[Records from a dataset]
--------

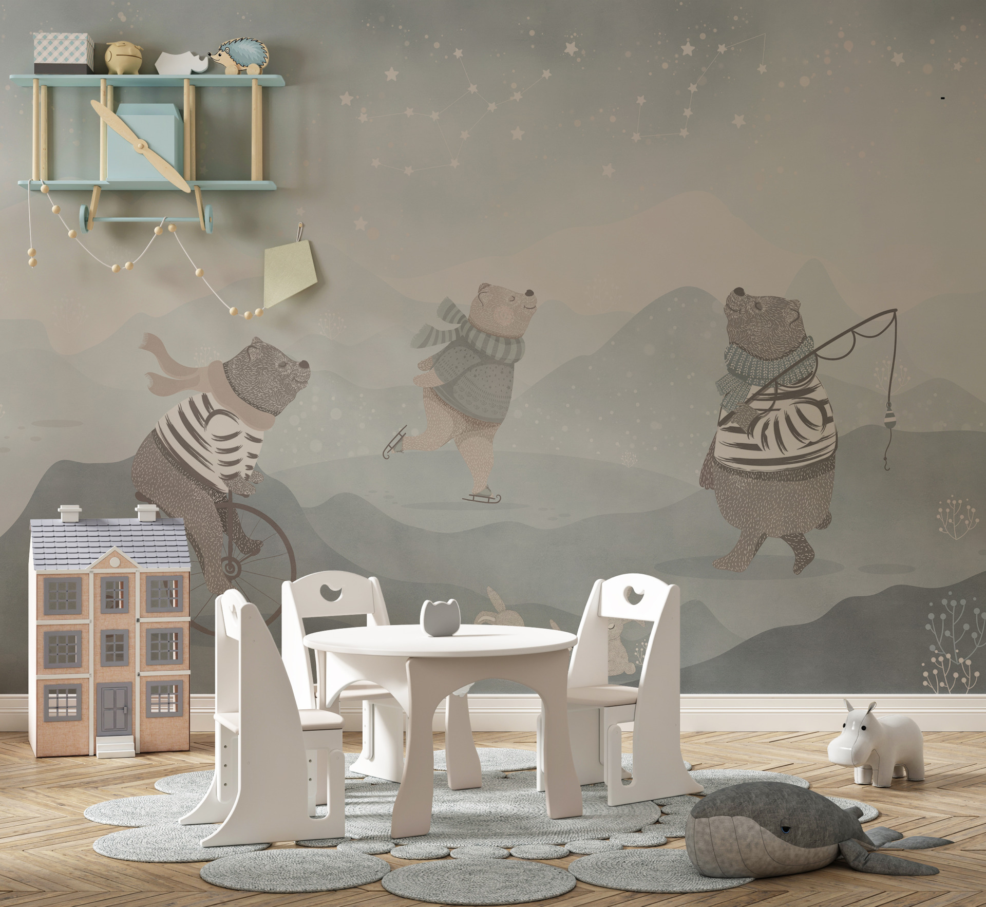 Tato rozkošná nástěnná malba zobrazuje skupinu medvídků, kteří mají na sobě barevné šály dodávající kouzlo a teplo. Ideální do dětského pokoje nebo do jakéhokoli interiéru, kterému chcete dodat nádech zábavy a šarmu.
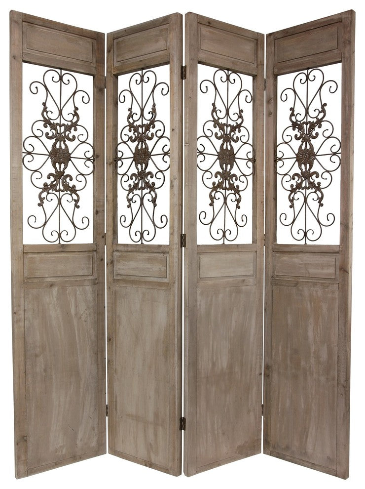 Introduce a rustic touch to your living space with this room divider, carefully hand crafted from wood and metal, this divider features a charming distressed finish that adds character and warmth to any room. Its rustic design complements a variety of décor styles, from industrial to farmhouse. Perfect for creating separate areas in an open-concept space or adding visual interest to your home, this divider is as functional as it is stylish. Enjoy the unique texture and visual appeal it brings to your living space.
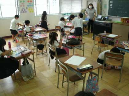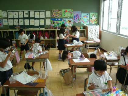 2年生の図工の授業です。お家で集めてもらったペットボトルや卵のケースに着色したり、デコレーションしています。集中しています。
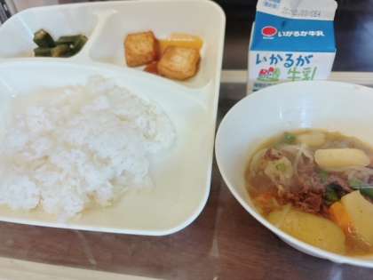 肉じゃが 厚揚げのみそだれかけ オクラのおかか炒め ごはん、牛乳
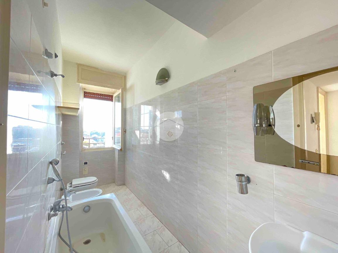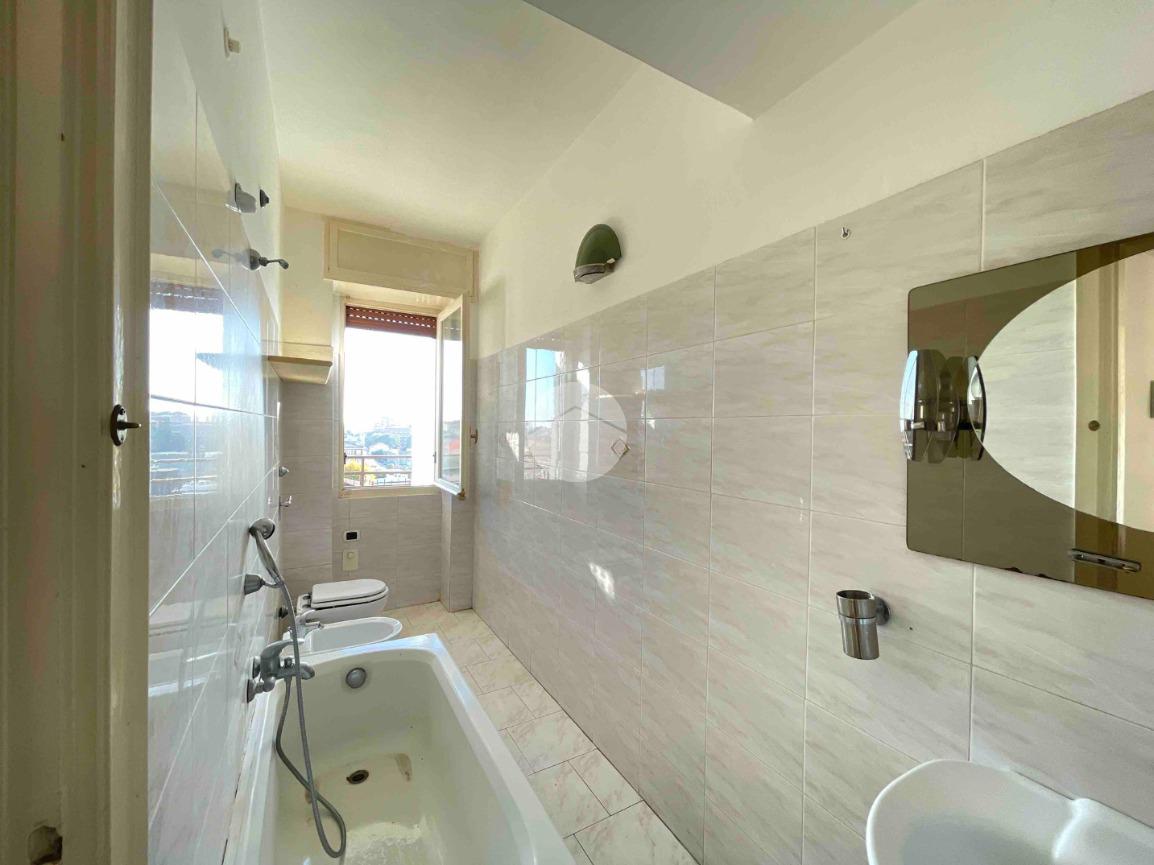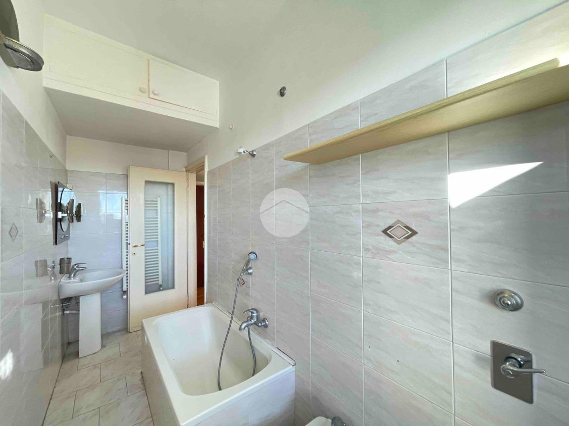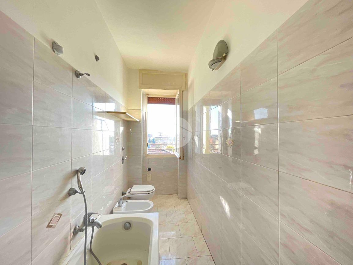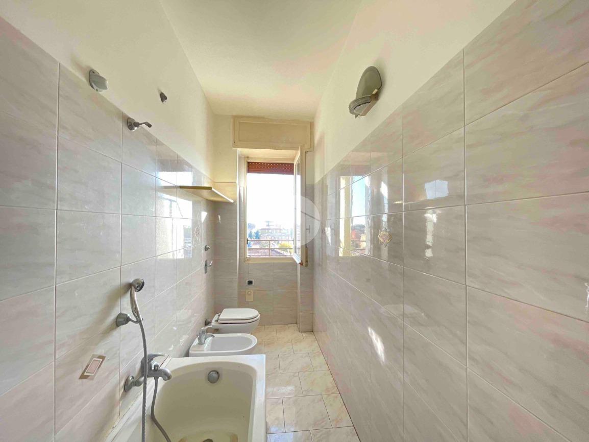 Partendo, da destra abbiamo il bagno finestrato, che ha una pavimentazione in ceramica ed è dotato di vasca.
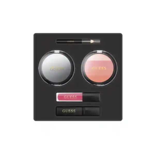 Set Guess Contiene 5 Unidades. Delineador de Ojos 1 Und + Máscara de Pestañas 1 Und + Labial 1 Und + Rubor 2 Und.
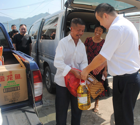 圖為臺州收費所黨支部書記王小勇給困難戶送上慰問品 潘山頭村共有22戶困難戶,因時間關(guān)系,臺州收費所黨支部一行走訪了其中3戶困難家庭,對于其他19戶困難家庭委托該村“兩委”領(lǐng)導(dǎo)代為慰問。每到一戶,支部書記王小勇都詳細詢問了解困難群眾的生活情況,勉勵他們積極面對生活,戰(zhàn)勝困難,同時為他們送去了中秋月餅、食用油、干果等慰問品及節(jié)日問候。
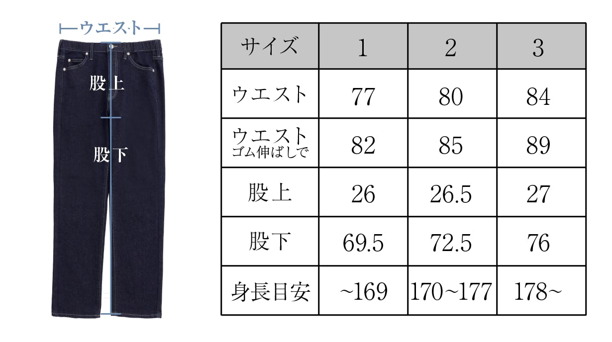 また、渡り幅(太もも周りの太さ)は広めな設計にしているので、足腰がしっかりしている方でも”パツりません”。
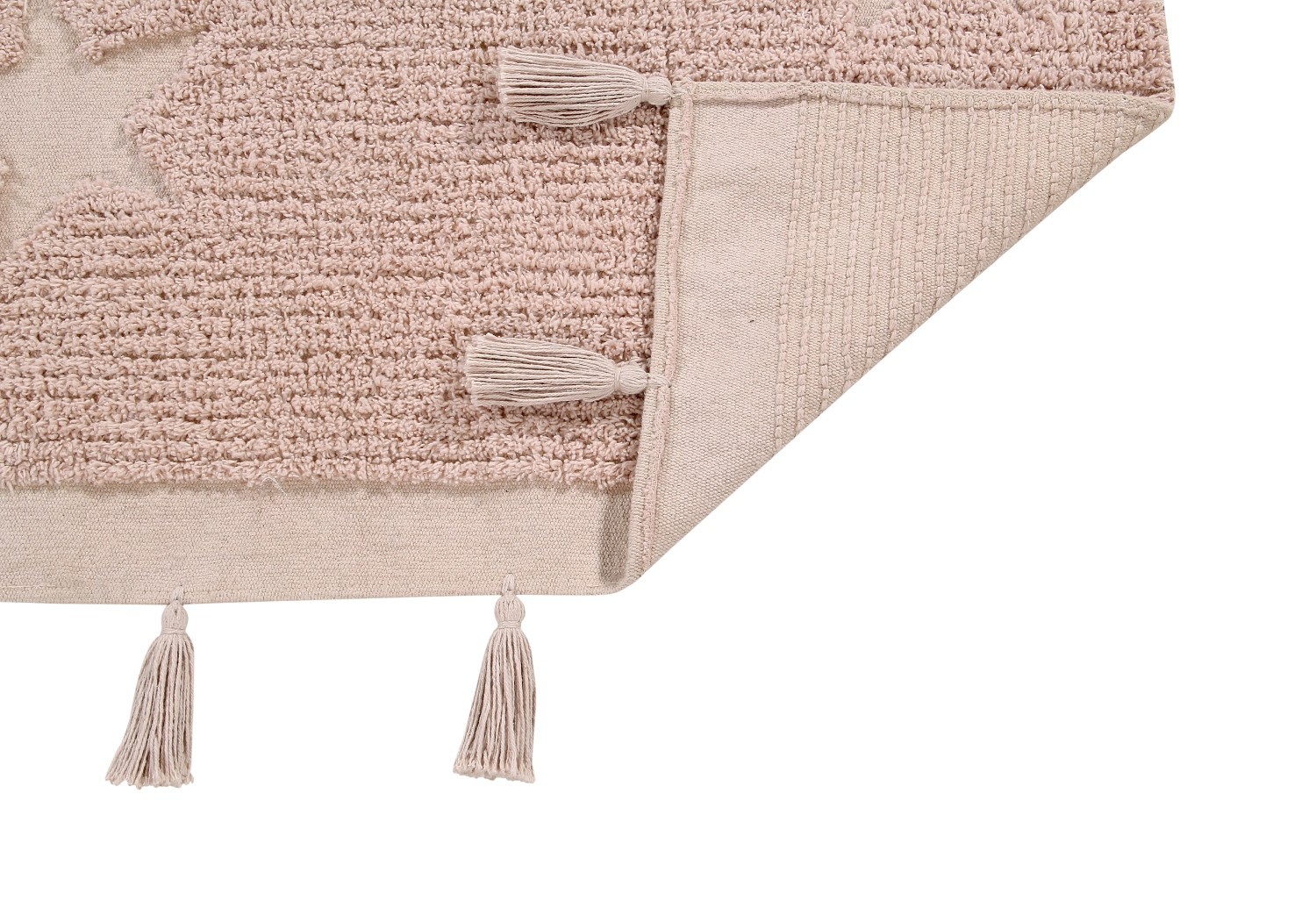 Každý kus originálního koberce ve starorůžové barvě je ručně vyroben udržitelným způsobem za použití přírodních vláken, recyklovaných materiálů a netoxických barviv. Zásluhou ruční výroby se na každém koberci nachází jemné odchylky a můžete tak vlastnit 100% originál. Na podkladu koberce bylo ponecháno několik netkaných ploch ve tvaru hvězd, které společně s prošíváním v různých vzdálenostech vytváří velmi originální směs textur a reliéfů, která dodává tomuto designu jedinečnost.
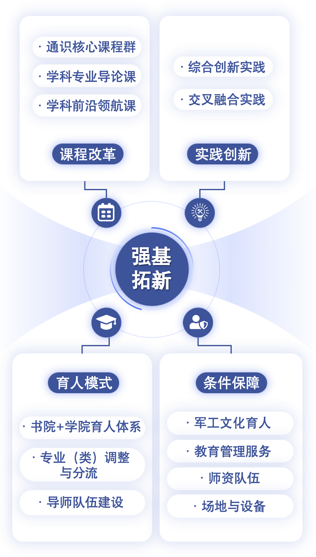 坚持把联动融通作为根本路径,跨校区构建“书院+学院”育人新模式。融通双校区优质教育资源,构建书院和学院融通的课程体系,打造“基础+进阶”课程体系,推进实施本硕博贯通培养。“书院+学院”协同发展;实现“延伸为主、属地为辅、下沉一线、扁平高效”的管理模式;深度融通教育教学与学生管理,全力打造“一张网”,形成强大育人合力,全面落实创新型卓越人才培养。
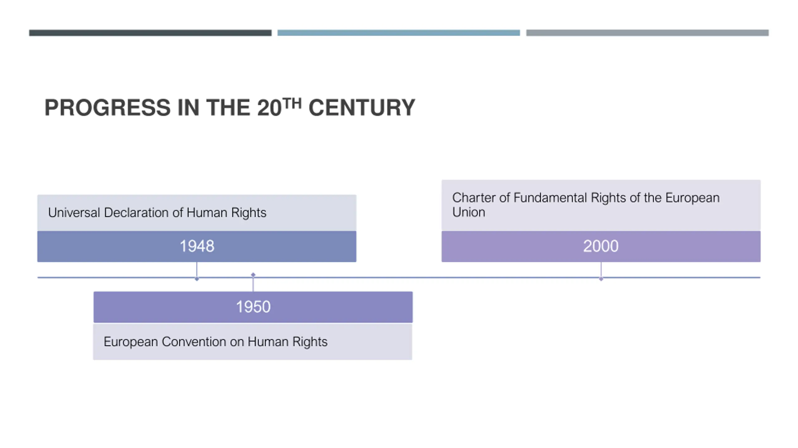 PROGRESS IN THE 20THCENTURY Charter of Fundamental Rights of the European Union Universal Declaration of Human Rights 1948 1948 2000 2000 1950 1950 European Convention on Human Rights
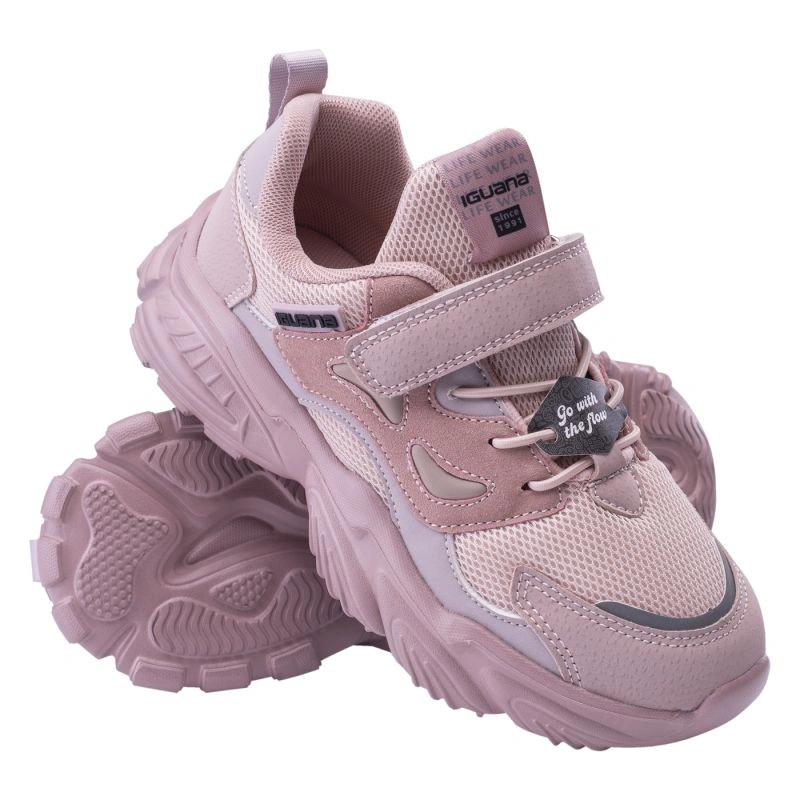 Dětské boty BONSI JRG značky Iguana jsou vyrobeny z kombinace síťoviny a syntetických vložek. Síťovina zvyšuje prodyšnost boty, zatímco syntetické vložky jemně pokrývají svršek a zpevňují konstrukci svršku. Klasické tkaničky byly nahrazeny elastickými pásky pro snadné nazouvání a vyzouvání, zatímco jediný pásek na suchý zip přizpůsobí svršek noze. Pěna EVA použitá v podrážce zvyšuje pohodlí boty.
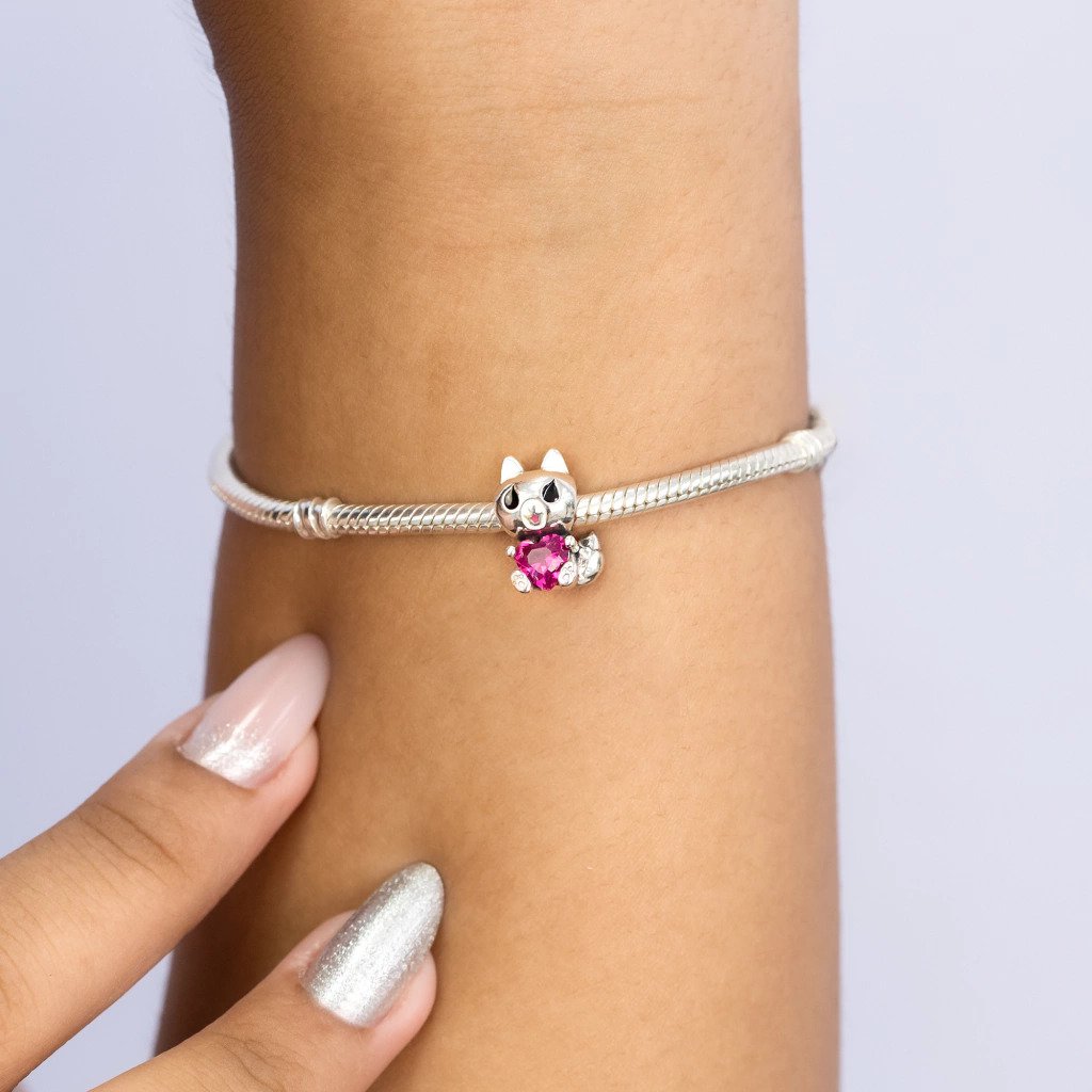 Berloque em Prata 925 Gatinho com Coração em Zircônia, uma joia encantadora e cheia de ternura. O design traz um gatinho delicado segurando um coração em zircônia rosa vibrante, simbolizando amor, carinho e conexão. Uma peça fofa e expressiva, perfeita para quem ama gatos ou quer representar sentimentos especiais.

--------

**WHAT IS NEEDED**
Return every line above word for word, minus images.

**WRITTEN SOLUTION**
 Tato rozkošná nástěnná malba zobrazuje skupinu medvídků, kteří mají na sobě barevné šály dodávající kouzlo a teplo. Ideální do dětského pokoje nebo do jakéhokoli interiéru, kterému chcete dodat nádech zábavy a šarmu.
 Introduce a rustic touch to your living space with this room divider, carefully hand crafted from wood and metal, this divider features a charming distressed finish that adds character and warmth to any room. Its rustic design complements a variety of décor styles, from industrial to farmhouse. Perfect for creating separate areas in an open-concept space or adding visual interest to your home, this divider is as functional as it is stylish. Enjoy the unique texture and visual appeal it brings to your living space.
 2年生の図工の授業です。お家で集めてもらったペットボトルや卵のケースに着色したり、デコレーションしています。集中しています。
 肉じゃが 厚揚げのみそだれかけ オクラのおかか炒め ごはん、牛乳
 Partendo, da destra abbiamo il bagno finestrato, che ha una pavimentazione in ceramica ed è dotato di vasca.
 Set Guess Contiene 5 Unidades. Delineador de Ojos 1 Und + Máscara de Pestañas 1 Und + Labial 1 Und + Rubor 2 Und.
 圖為臺州收費所黨支部書記王小勇給困難戶送上慰問品 潘山頭村共有22戶困難戶,因時間關(guān)系,臺州收費所黨支部一行走訪了其中3戶困難家庭,對于其他19戶困難家庭委托該村“兩委”領(lǐng)導(dǎo)代為慰問。每到一戶,支部書記王小勇都詳細詢問了解困難群眾的生活情況,勉勵他們積極面對生活,戰(zhàn)勝困難,同時為他們送去了中秋月餅、食用油、干果等慰問品及節(jié)日問候。
 また、渡り幅(太もも周りの太さ)は広めな設計にしているので、足腰がしっかりしている方でも”パツりません”。
 Každý kus originálního koberce ve starorůžové barvě je ručně vyroben udržitelným způsobem za použití přírodních vláken, recyklovaných materiálů a netoxických barviv. Zásluhou ruční výroby se na každém koberci nachází jemné odchylky a můžete tak vlastnit 100% originál. Na podkladu koberce bylo ponecháno několik netkaných ploch ve tvaru hvězd, které společně s prošíváním v různých vzdálenostech vytváří velmi originální směs textur a reliéfů, která dodává tomuto designu jedinečnost.
 坚持把联动融通作为根本路径,跨校区构建“书院+学院”育人新模式。融通双校区优质教育资源,构建书院和学院融通的课程体系,打造“基础+进阶”课程体系,推进实施本硕博贯通培养。“书院+学院”协同发展;实现“延伸为主、属地为辅、下沉一线、扁平高效”的管理模式;深度融通教育教学与学生管理,全力打造“一张网”,形成强大育人合力,全面落实创新型卓越人才培养。
 PROGRESS IN THE 20THCENTURY Charter of Fundamental Rights of the European Union Universal Declaration of Human Rights 1948 1948 2000 2000 1950 1950 European Convention on Human Rights
 Dětské boty BONSI JRG značky Iguana jsou vyrobeny z kombinace síťoviny a syntetických vložek. Síťovina zvyšuje prodyšnost boty, zatímco syntetické vložky jemně pokrývají svršek a zpevňují konstrukci svršku. Klasické tkaničky byly nahrazeny elastickými pásky pro snadné nazouvání a vyzouvání, zatímco jediný pásek na suchý zip přizpůsobí svršek noze. Pěna EVA použitá v podrážce zvyšuje pohodlí boty.
 Berloque em Prata 925 Gatinho com Coração em Zircônia, uma joia encantadora e cheia de ternura. O design traz um gatinho delicado segurando um coração em zircônia rosa vibrante, simbolizando amor, carinho e conexão. Uma peça fofa e expressiva, perfeita para quem ama gatos ou quer representar sentimentos especiais.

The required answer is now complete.